Building trustworthy big data algorithms
Much of our reams of data sit in large databases of unstructured text. Finding insights among emails, text documents, and websites is extremely difficult unless we can search, characterize, and classify their text data in a meaningful way. One of the leading big data algorithms for finding related topics within unstructured text (an area called topic modeling) is latent Dirichlet allocation (LDA). But when Northwestern University professor Luis Amaral set out to test LDA, he found that it was neither as accurate nor reproducible as a leading topic modeling algorithm should be.

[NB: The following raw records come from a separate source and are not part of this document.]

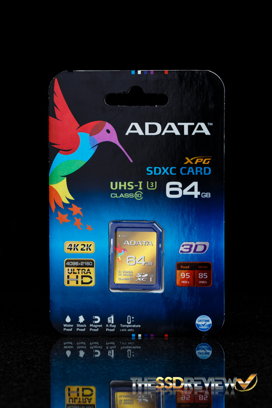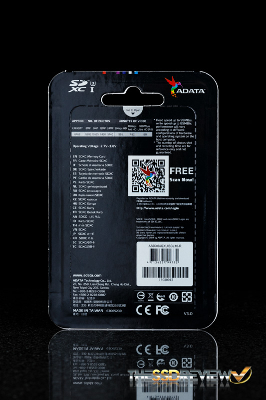 The card comes in a small plastic clamp shell in a perforated cardboard package. The front and states all of the card’s specifications such as the 64GB capacity and the rated speeds. The back reveals a small chart in the top left stating the approximate amount of images and video one can record with the card. For example, it can hold up to 5740 24MP images or up to 80 minutes of 100Mbps 4K video. Also, there is a QR code that brings you the ADATA website where you can register your card for the full lifetime warranty and download free software utilities.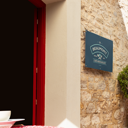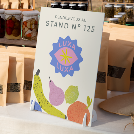 Notre signalétique extérieure est composée de matériaux résistants au vent et aux intempéries pour attirer l’attention sur un food truck, une terrasse de restaurant, un marché, un parking et bien plus encore. Le tout quelle que soit la météo. Il suffit de choisir un produit d’extérieur et un modèle qui vous plaît, puis de le personnaliser en important votre propre graphisme ou en en choisissant un dans notre galerie. Notre équipe de graphistes et notre service client se feront une joie de vous donner un coup de main en cas de besoin. Votre produit sera imprimé en couleur avec le plus grand soin et livré dans les meilleurs délais afin que vous puissiez communiquer sans attendre.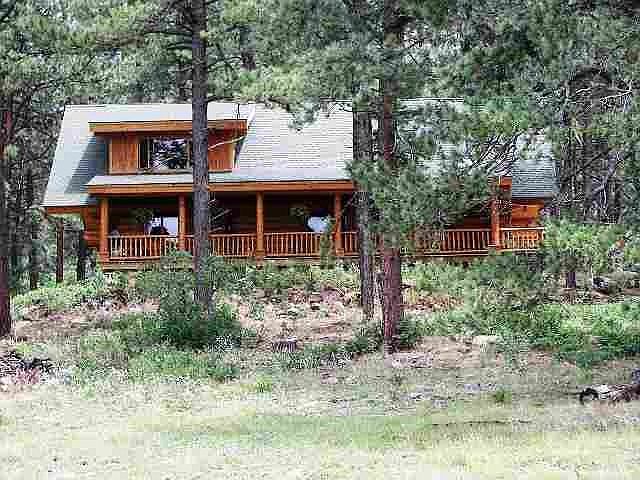 43 acres - HORSE PROPERTY that borders a trout fishing lake (40+ Acre). 26 IRRIGATED ACRES. Custom built log home - excellent condition. Open floor plan with lots of light, windows, hard wood floors and much more!!. 774 sq. ft. of wrap around patio / decking. Horse barn and stables w/ storage. Property is extremely private, heavily wooded, and arms length to National Forest border and access. Property is currently hayed and utilized for pasture grazing. SELLING BELOW REPLACEMENT COST!!!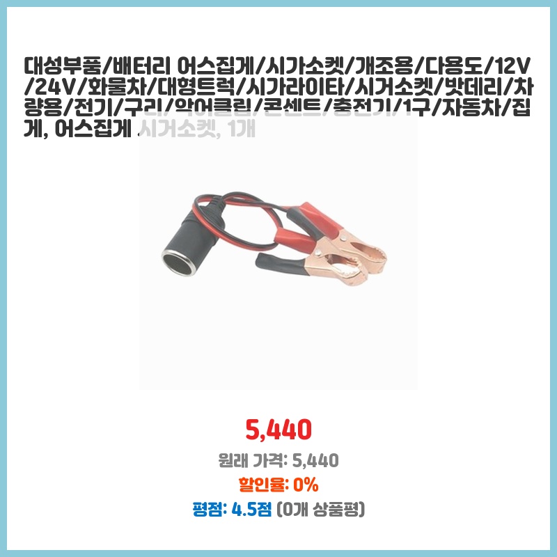 대성부품/배터리 어스집게/시가소켓/개조용/다용도/12V/24V/화물차/대형트럭/시가라이타/시거소켓/밧데리/차량용/전기/구리/악어클립/콘센트/충전기/1구/자동차/집게, 어스집게 시거소켓, 1개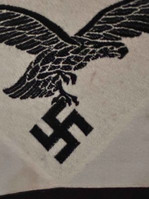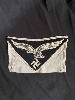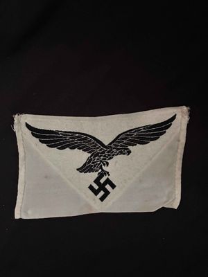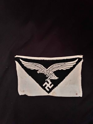INSIGNIA………This is of a smaller size Luftwaffe insignia for an athletic shirt. It measures 13.97cm wide by 8.25cm tall. It is machine embroidered onto a piece of white badge cloth,looks to be unissued so is in very good condition.click on pay by credit card to activate after pay.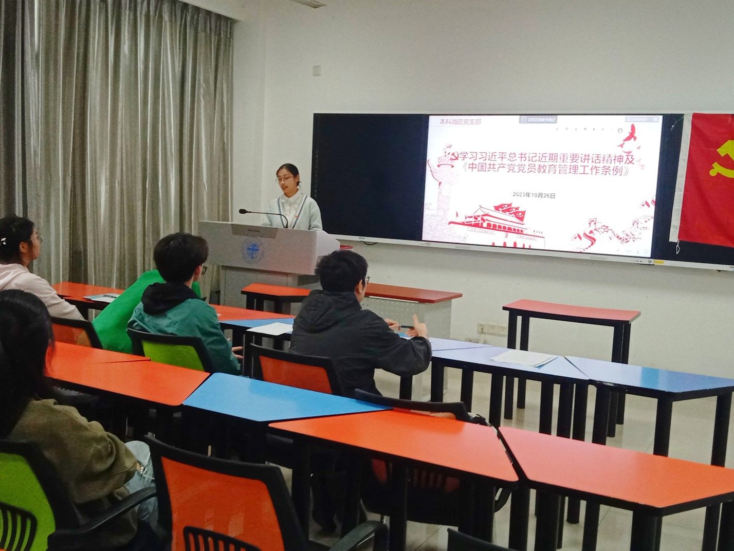 为进一步贯彻习近平新时代中国特色社会主义思想,推动党支部组织生活形式,增强组织生活活力,进一步提升组织生活质量,加强党员思想政治素养与教育管理工作,本科消防党支部于10月26日下午16:00在X4131组织开展了学习习近平总书记近期重要讲话精神及《中国共产党党员教育管理工作条例》主题党日活动。

Using his network analysis background, Amaral, professor of chemical and biological engineering in Northwestern's McCormick School of Engineering and Applied Science, developed a new topic modeling algorithm that has shown very high accuracy and reproducibility during tests. His results, published with co-author Konrad Kording, associate professor of physical medicine and rehabilitation, physiology, and applied mathematics at Northwestern, were published Jan. 29 in Physical Review X.

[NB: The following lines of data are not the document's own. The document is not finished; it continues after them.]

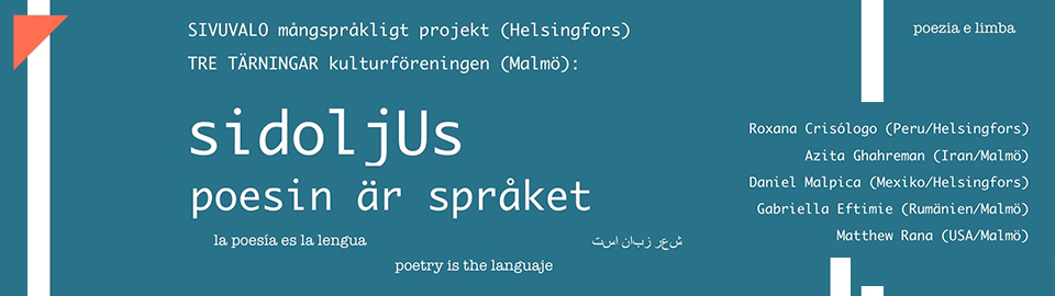 I Malmö har kulturföreningen Tre Tärningar (3T) nyligen skapats av poeterna Lalo Barrubia, Azita Ghahreman och översättare Petronella Zetterlund med syftet att arbeta för att ALLA i Malmö ska kunna vara delaktiga i och uttrycka sig med hjälp av litteraturen oavsett kulturell och språklig bakgrund. 3T förespråkar och jobbar aktivt med översättningar för poeter och författare bosatta i Malmö och Sverige som skriver på andra språk än svenska. SIDOLJUS. Poesin är språket är ett sätt att uppmärksamma detta och starta ett samtal om litteraturens villkor och språkens möjligheter. Inbjudna är poeterna Roxana Crisólogo (Peru) och Daniel Malpica (Mexiko), projektledare respektive producent för Sivuvalo-projektet i Helsingfors som under två år har arbetat med samma frågor i Finland.
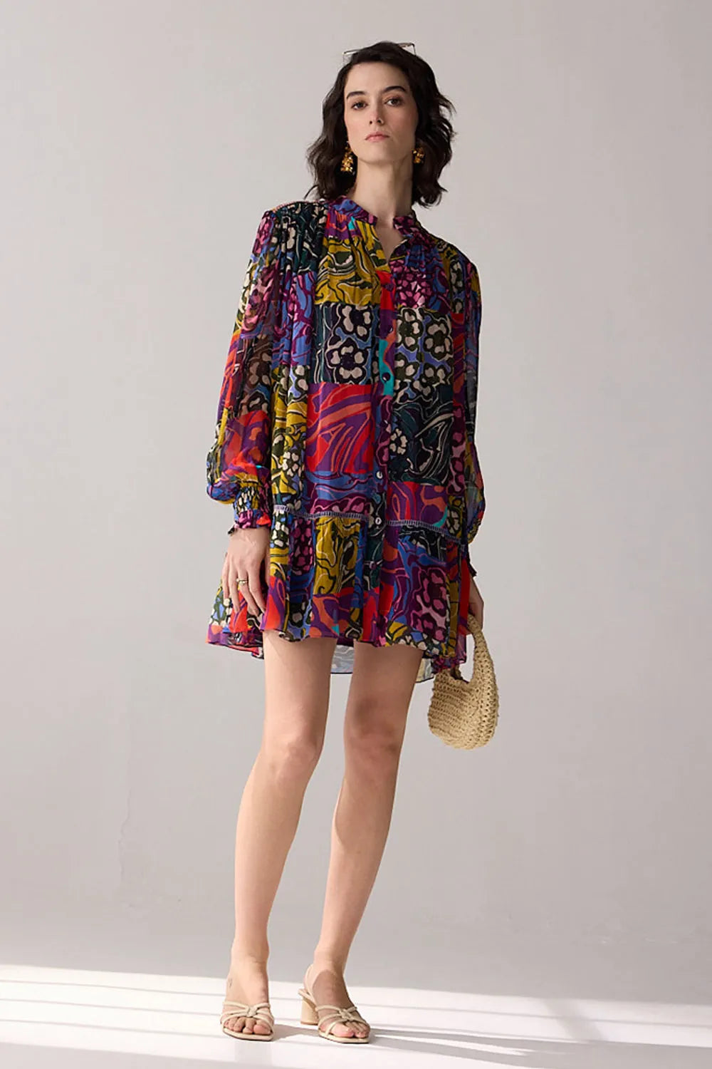 Brighten your wardrobe with our multicolored tunic dress, featuring elegant lace detailing. The vibrant print paired with delicate lace accents creates a stunning blend of colour and texture, making this a versatile pick.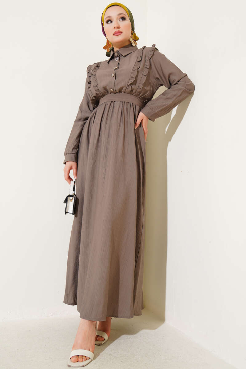 Gömlek Yaka Düğmeli Triko Elbise Kahve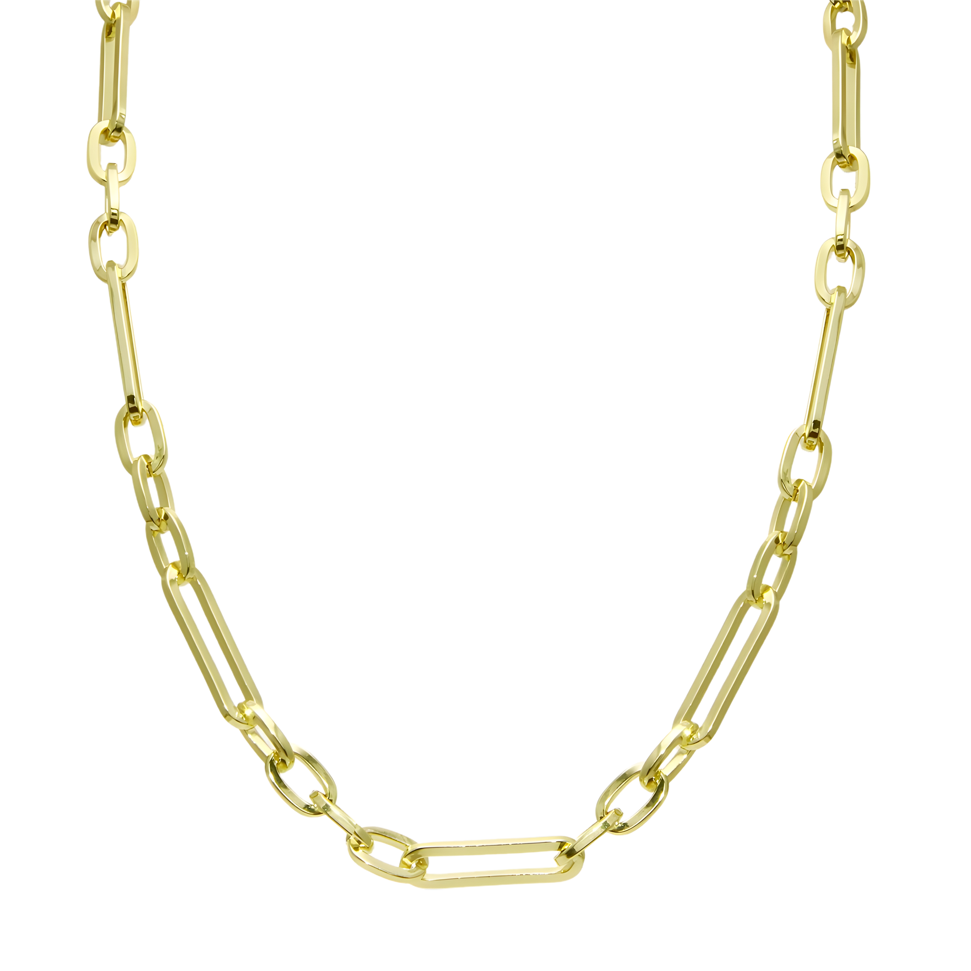 This substantial piece is expertly crafted with a base of fine metal, meticulously coated in rich 18K gold vermeil, ensuring a luxurious, enduring finish and a brilliant, warm gold tone. The design features a sequence of distinctive elongated, rounded-edge paperclip links, which provides a sleek, architectural rhythm that is both modern and timeless. Each link is polished to a high shine, offering exceptional light reflectivity and perceived value.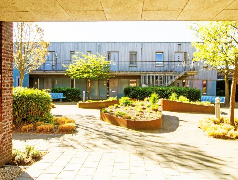 De Patronaatstraat met vlnr: 1. den nieuwbouw van de `Patronaatshof`, 2. de St.-

Topic modeling algorithms take unstructured text and find a set of topics that can be used to describe each document in the set. They are the workhorses of big data science, used as the foundation for recommendation systems, spam filtering, and digital image processing. The LDA topic modeling algorithm was developed in 2003 and has been widely used for academic research and for commercial applications, like search engines.
When Amaral explored how LDA worked, he found that the algorithm produced different results each time for the same set of data, and it often did so inaccurately. Amaral and his group tested LDA by running it on documents they created that were written in English, French, Spanish, and other languages. By doing this, they were able to prevent text overlap among documents.
"In this simple case, the algorithm should be able to perform at 100 percent accuracy and reproducibility," he said. But when LDA was used, it separated these documents into similar groups with only 90 percent accuracy and 80 percent reproducibility. "While these numbers may appear to be good, they are actually very poor, since they are for an exceedingly easy case," Amaral said.
To create a better algorithm, Amaral took a network approach. The result, called TopicMapping, begins by preprocessing data to replace words with their stem (so "star" and "stars" would be considered the same word). It then builds a network of connecting words and identifies a "community" of related words (just as one could look for communities of people in Facebook). The words within a given community define a topic.
The algorithm was able to perfectly separate the documents according to language and was able to reproduce its results. It also had high accuracy and reproducibility when separating 23,000 scientific papers and 1.2 million Wikipedia articles by topic.
These results show the need for more testing of big data algorithms and more research into making them more accurate and reproducible, Amaral said.
"Companies that make products must show that their products work," he said. "They must be certified. There is no such case for algorithms. We have a lot of uninformed consumers of big data algorithms that are using tools that haven't been tested for reproducibility and accuracy."